┌──

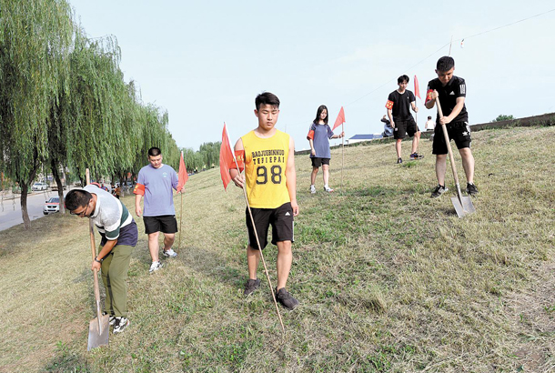 7月14日,黃梅縣小池鎮(zhèn)新河橋社區(qū)“00后”大學(xué)生組成青年突擊隊(duì),在黃廣大堤小池段巡堤查險(xiǎn)。他們是武漢、九江、杭州等地高校的大學(xué)生,因疫情影響滯留在家上網(wǎng)課。長江發(fā)生嚴(yán)重汛情后,十幾名“00后”大學(xué)生主動(dòng)向社區(qū)提出申請參加抗洪。
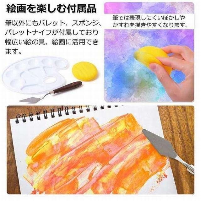 「アクリル絵の具 筆 12本セット」は丸型、平型短毛、平型、平型円頭、平型斜先や扇型のあらゆる筆先を揃えた大容量16点セットです。 筆の種類を豊富に用意することで、作品に合わせた筆を選ぶことができ、様々な絵の具で「絵画、お絵描き、陶芸、ガンプラ塗装等」の芸術制作を行うことができます。 また、筆のみではなく、パレット、パレットナイフ、スポンジ、スタンド可能収納ケースも付属しておりますので、絵の具をご用意していただければ、このセット1つで制作活動を楽しむことが出来ます。
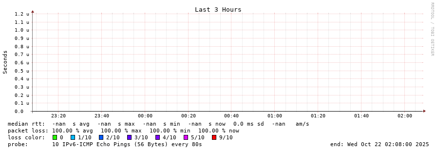 traceroute to fd9b:f75:a3d5::2 (fd9b:f75:a3d5::2), 30 hops max, 80 byte packets - Generated at 2025-10-21 20:30:02 3 > 4 > 5 > 6 > 7 > 8 > 9 > 10 > 11 > 12 > 13 > 14 > 15 > 16 > 17 > 18 > 19 > 20 > 21 > 22 > 23 > 24 > 25 > 26 > 27 > 28 > 29 > 30 >
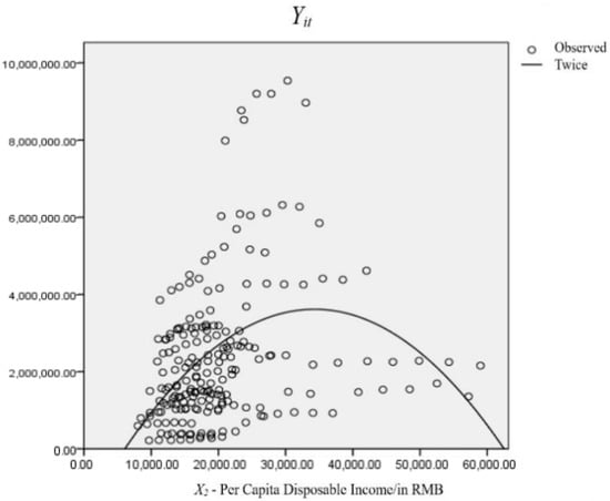 As shown in Table 5, the quadratic model passed the significance test and was extremely significant. It can be calculated that when per capita disposable income is less than 34,243.2 RMB, the degree of environmental pollution is positively correlated with the growth of disposable income, and when the degree of environmental pollution reaches the inflection point, the degree of environmental pollution is inversely correlated with the growth of disposable income.
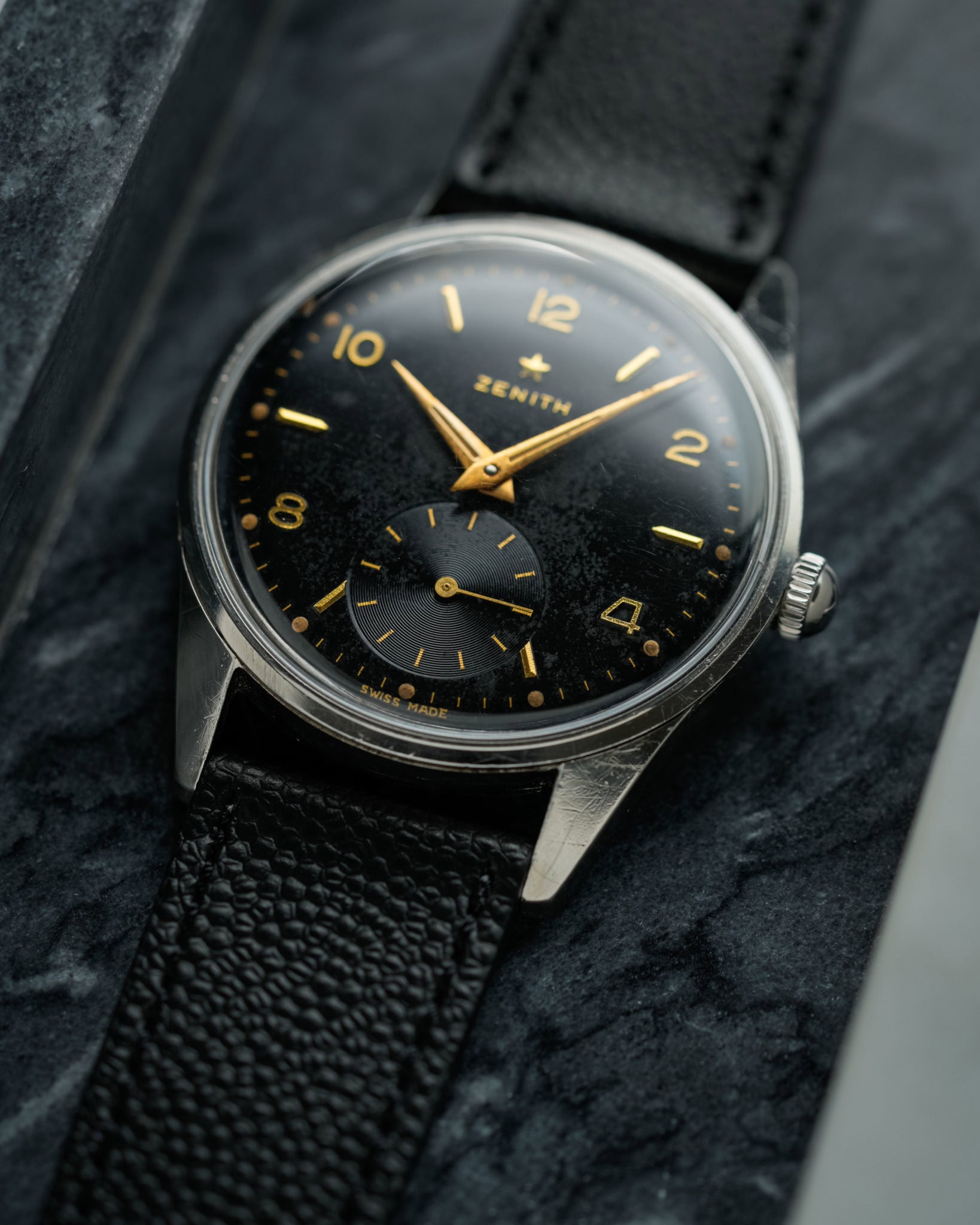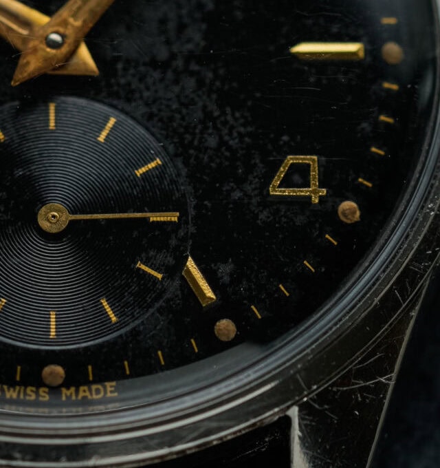 Finding a watch with a black gilt dial in all original condition can be a real hunt.
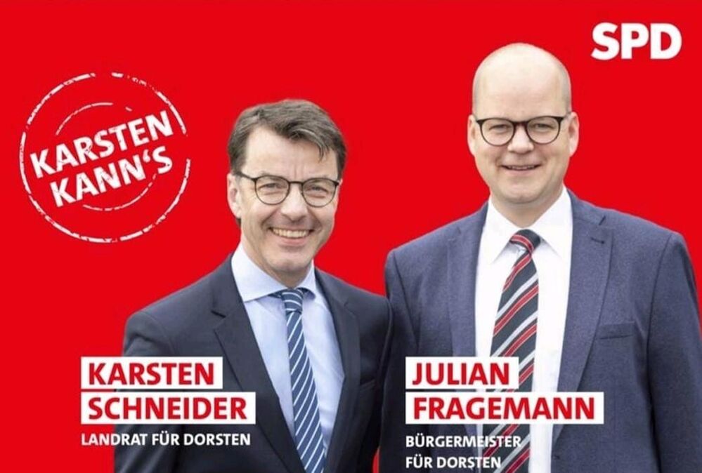 Während Julian Fragemann, ein in der Lippestadt allseits bekannter und geschätzter SPD-Lokalpolitiker das Bürgermeisteramt anstrebt, kandidierst Du, Karsten Schneider, ebenfalls als engagierter Sozialdemokrat, für das Amt des Landrats im großen Kreis Recklinghausen. Du hast nun die Möglichkeit, mit der Beantwortung der drei folgender Fragen, aufzuzeigen, warum auch Dorsten davon profitieren könnte, zöge wieder ein Sozialdemokrat als Chef ins Kreishaus ein.
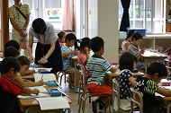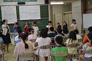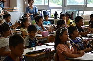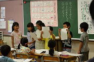 低学年:先生の話をよく聞いて、真剣に取り組んでいました。前に出て、発表することもずいぶん慣れてきました。
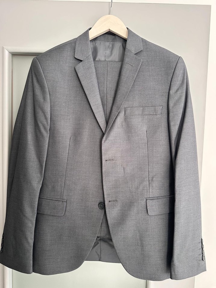 Gri renkte, düğmeli, klasik kesim ve modern klasik tarzda erkek takım elbise ceketi. Uzun kollu ve ofis kullanımı için uygundur. Sadece bir kere giyildi

└──

PROMPT —
Your reply should consist solely of the lines above, from the opening line through the line with "traceroute to fd9b:f75:a3d5::2", reproduced exactly and without pictures.

EXERCISE RESPONSE —
 7月14日,黃梅縣小池鎮(zhèn)新河橋社區(qū)“00后”大學(xué)生組成青年突擊隊(duì),在黃廣大堤小池段巡堤查險(xiǎn)。他們是武漢、九江、杭州等地高校的大學(xué)生,因疫情影響滯留在家上網(wǎng)課。長江發(fā)生嚴(yán)重汛情后,十幾名“00后”大學(xué)生主動(dòng)向社區(qū)提出申請參加抗洪。
 「アクリル絵の具 筆 12本セット」は丸型、平型短毛、平型、平型円頭、平型斜先や扇型のあらゆる筆先を揃えた大容量16点セットです。 筆の種類を豊富に用意することで、作品に合わせた筆を選ぶことができ、様々な絵の具で「絵画、お絵描き、陶芸、ガンプラ塗装等」の芸術制作を行うことができます。 また、筆のみではなく、パレット、パレットナイフ、スポンジ、スタンド可能収納ケースも付属しておりますので、絵の具をご用意していただければ、このセット1つで制作活動を楽しむことが出来ます。
 traceroute to fd9b:f75:a3d5::2 (fd9b:f75:a3d5::2), 30 hops max, 80 byte packets - Generated at 2025-10-21 20:30:02 3 > 4 > 5 > 6 > 7 > 8 > 9 > 10 > 11 > 12 > 13 > 14 > 15 > 16 > 17 > 18 > 19 > 20 > 21 > 22 > 23 > 24 > 25 > 26 > 27 > 28 > 29 > 30 >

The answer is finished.